Baca berita dengan sedikit iklan, klik di sini

Wawancara

Penuhi Hak Gunung Berapi

25 Mei 2015 | 00.00 WIB

Image of Tempo
Perbesar

Baca berita dengan sedikit iklan, klik di sini

Setelah melewati detik-detik menegangkan, tim search and rescue akhirnya berhasil mengangkut jenazah Erry Yunanto dari kawah Gunung Merapi sedalam sekitar 200 meter, Rabu pekan lalu. Mahasiswa Universitas Atma Jaya Yogyakarta itu tergelincir masuk ke kawah ketika sedang turun dari puncak Merapi pada Sabtu, 15 Mei 2015. Proses evakuasi korban mesti dilakukan superhati-hati, lantaran medan kawah curam dan mengeluarkan gas beracun.

Surono, Kepala Badan Geologi Kementerian Energi dan Sumber Daya Mineral, sebelumnya mewanti-wanti tim SAR agar tak emosional dalam proses evakuasi korban. Sebab, menurut dia, mendekati alam perlu kesabaran dan perlakuan khusus. Terlalu pede menaklukkan alam malah membahayakan keselamatan.

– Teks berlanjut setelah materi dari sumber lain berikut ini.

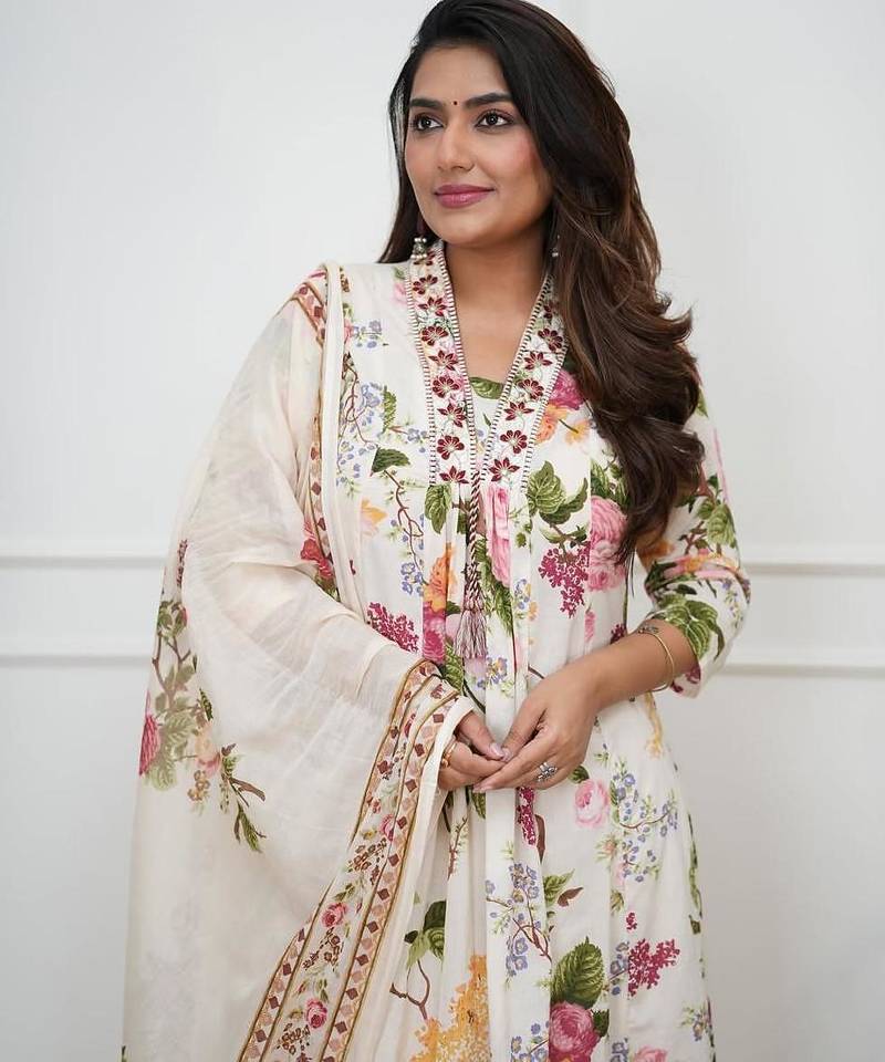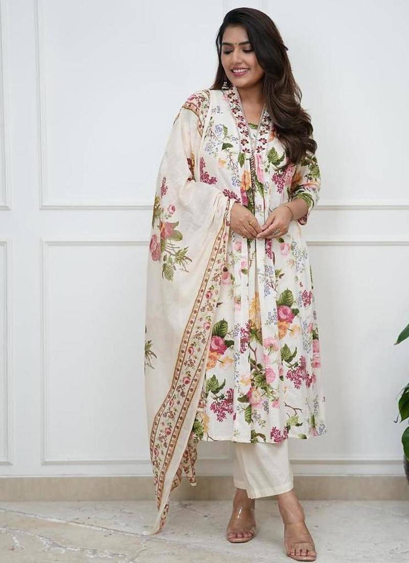 Product Name Floral Embroidered White V Neck Pure Cotton Kurta With Trouser & Dupatta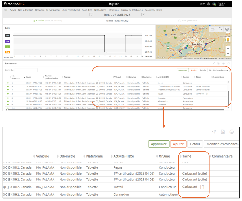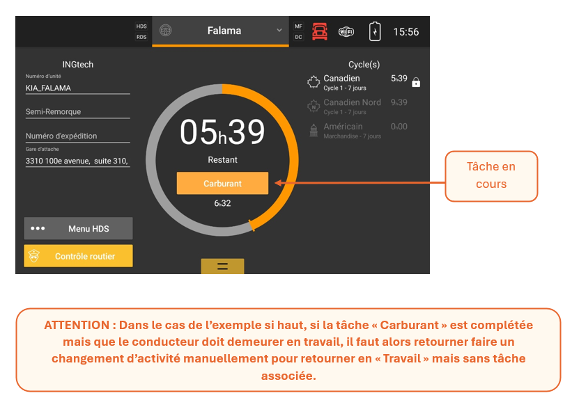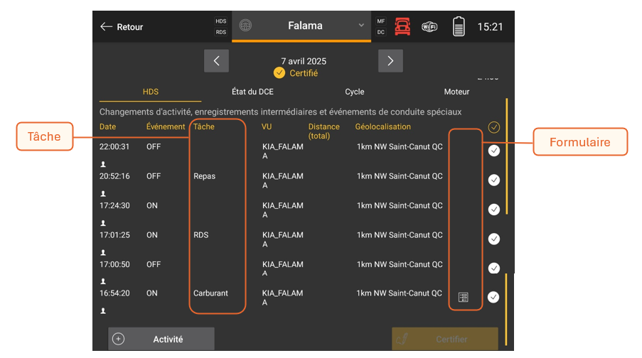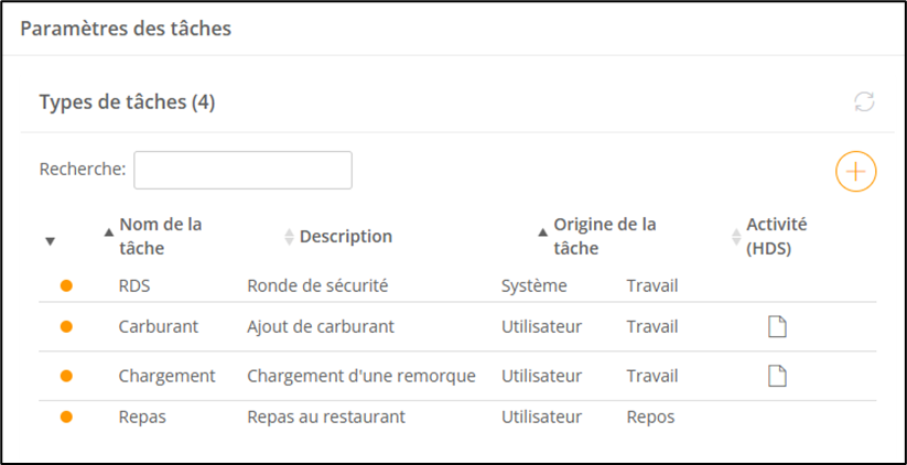 Les tâches sont des attributs complémentaires qu’il est possible d’associer à des activités légales HDS (Heures de service). Ces tâches permettent alors de fournir de l’information additionnelle qui n’est pas requise nécessairement du point de vue légal mais qui a une valeur ajoutée pour l’exploitant par l’entremise ou non d’un formulaire associé.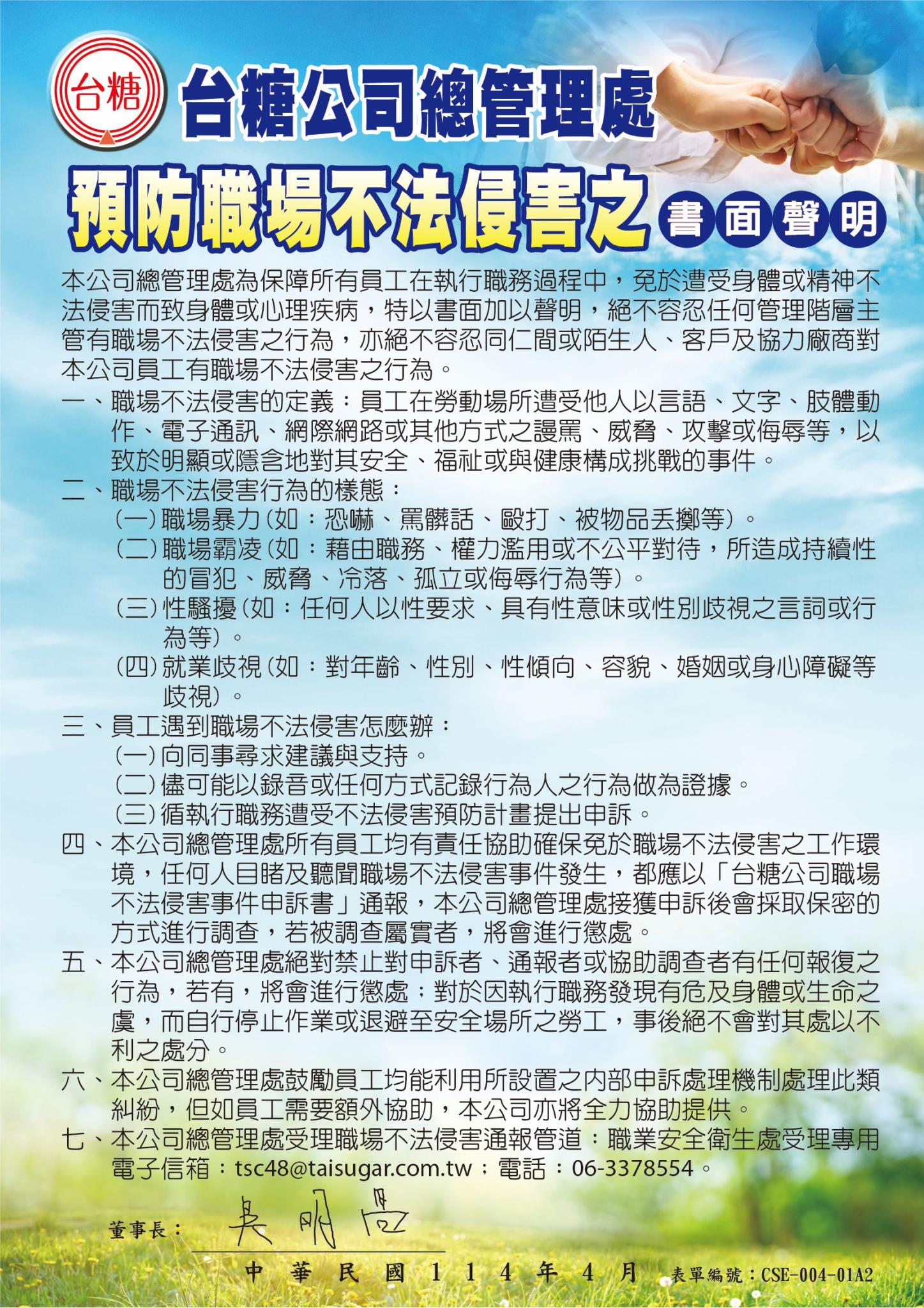 本公司訂有「台灣糖業股份有限公司執行職務遭受不法侵害預防注意事項」,其目的為防止本公司員工執行職務因他人行為遭受身體或精神不法侵害(以下簡稱職場不法侵害),以妥善預防及處置,確保員工之身心健康。

Usia 59 tahun tak mengendurkan energi dan semangat pria kelahiran Cilacap, Jawa Tengah, ini untuk terus mengurus gunung berapi di Nusantara. Menjelang pensiun pada Agustus mendatang, Surono malah kian gesit mengurus gunung berapi. Gairahnya seperti gunung berapi yang masih remaja: aktif dan meletup-letup.

Selasa pekan lalu, pria yang akrab disapa Mbah Rono itu mengikuti upacara labuhan, kearifan lokal yang digelar warga yang tinggal di sekitar Gunung Merapi, Yogyakarta. Rabu pagi, ia melenting ke Bogor, Jawa Barat, mengisi seminar tentang gunung berapi. Petangnya, Surono menerima Isma Savitri, Untung W.D., dan fotografer Aditia Noviansyah dari Tempo untuk wawancara di rumah dinasnya di kawasan Kebon Melati, Jakarta Pusat. Ketika itu, Mbah Rono baru saja rampung dipijat.

Ditemani kopi robusta pekat, Surono bercerita soal mitigasi di Indonesia, peringatan dini, aktivitas gunung berapi, hingga proses evakuasi Erry. Dia menyebutkan manusia sejatinya adalah tamu di bumi. Karena itu, manusia wajib menghormati dan mendekati alam dengan hati. "Wong kita itu sejak awal hidup dari alam. Alam kan ada dalam kopi yang kita minum ini, dalam rokok, juga dalam komponen di tablet pintar Anda," ujarnya. "Jadi mana mungkin kita bisa menang atas alam?"

****

Apa kunci sukses tim SAR dalam mengevakuasi Erry Yunanto dari kawah Merapi?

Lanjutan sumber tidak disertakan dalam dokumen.